Your sketch will short your 5V supply to ground until the I/O or the processor fry from a connection to the 5V supply through a diode.

 

Background: The base-emmitter junction of a bipolar junction transistor acts like (and actually is) a diode. The base current sets a limit, based on the gain of the transistor, for the collector current. If the external circuit limits the current, then the transistor acts as a switch. If the external circuit doesn't limit the current, then the transistor does and it operates in linear mode. These rules are approximations. Good ones, but still only approximations.

 

The circuit you sketched will have the diode (base-emmitter junction) between your 5V supply and the I/O. Diodes do not limit current. (Ok, they do, but not like a resistor.) They act more like a constant voltage drop of about 0.6 to 0.7V when current flows.
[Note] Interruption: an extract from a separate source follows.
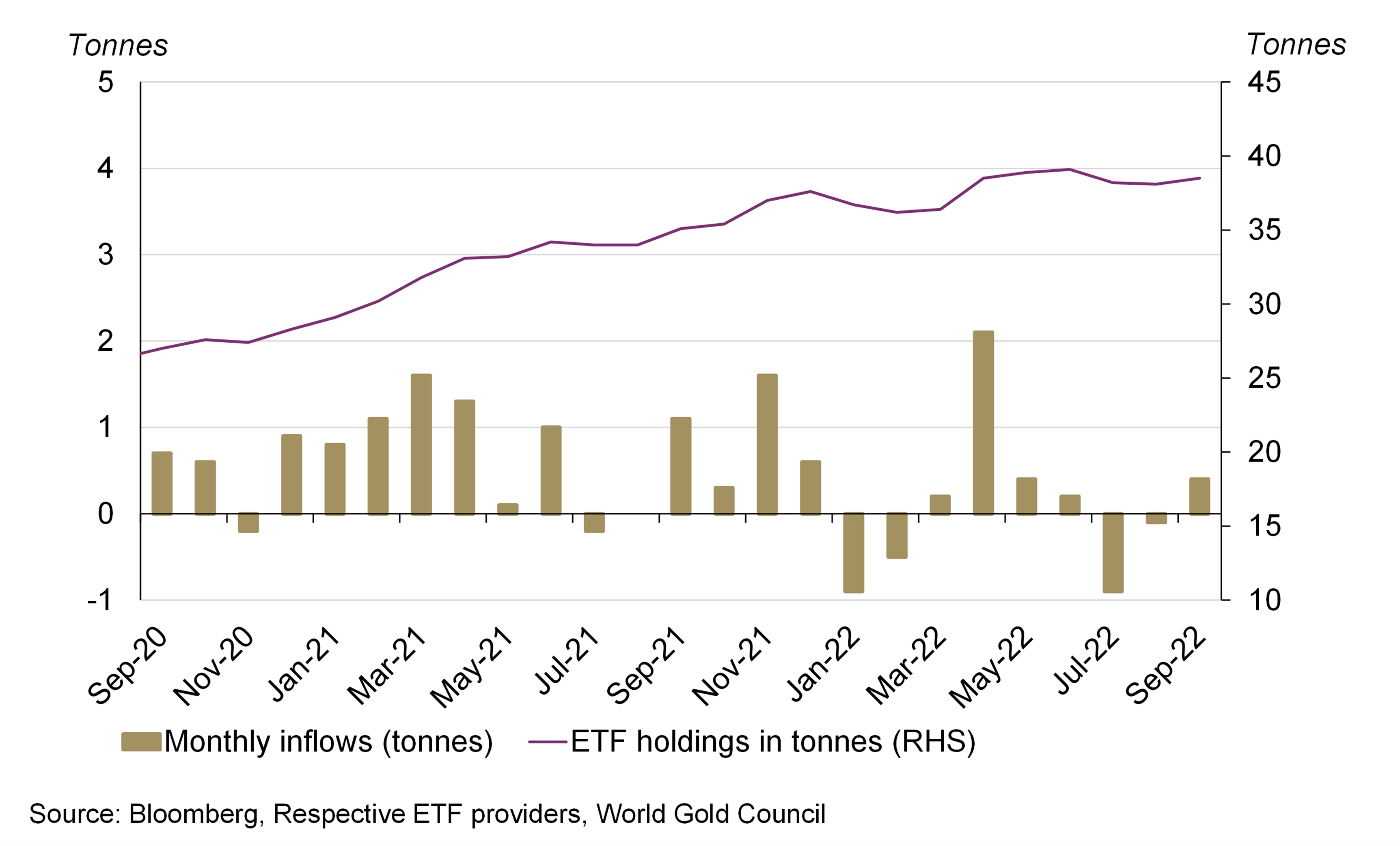- Indian gold ETFs witnessed a marginal net inflow of 0.4t in September as a domestic gold price correction enticed investors back into gold

This means that you will be essentially applying 4.3V with no current limiting to the output of the microcontroller.

 

Also, you show hte collector tied to ground. This will both prevent the collector from changing voltage, defeating your goal of PWM, and also shorting the power supply to ground through the transistor when there is a base current.

 

I'll follow up in a few minutes with a circuit that may do it for you, but I would recommend doing some reading about transistors. If you don't have it, I strongly recommend Horowitz and Hill's _The_Art_of_Electronics_... It has been in print for about 30 years and is still about the best text out there for serious students that are not going to be electrical engineers, adn for those that are, as it is practical. It has the reputation of being a technicians text, but it is really a lab/research physicists text. Some things are a little out of date, but still quite relevant.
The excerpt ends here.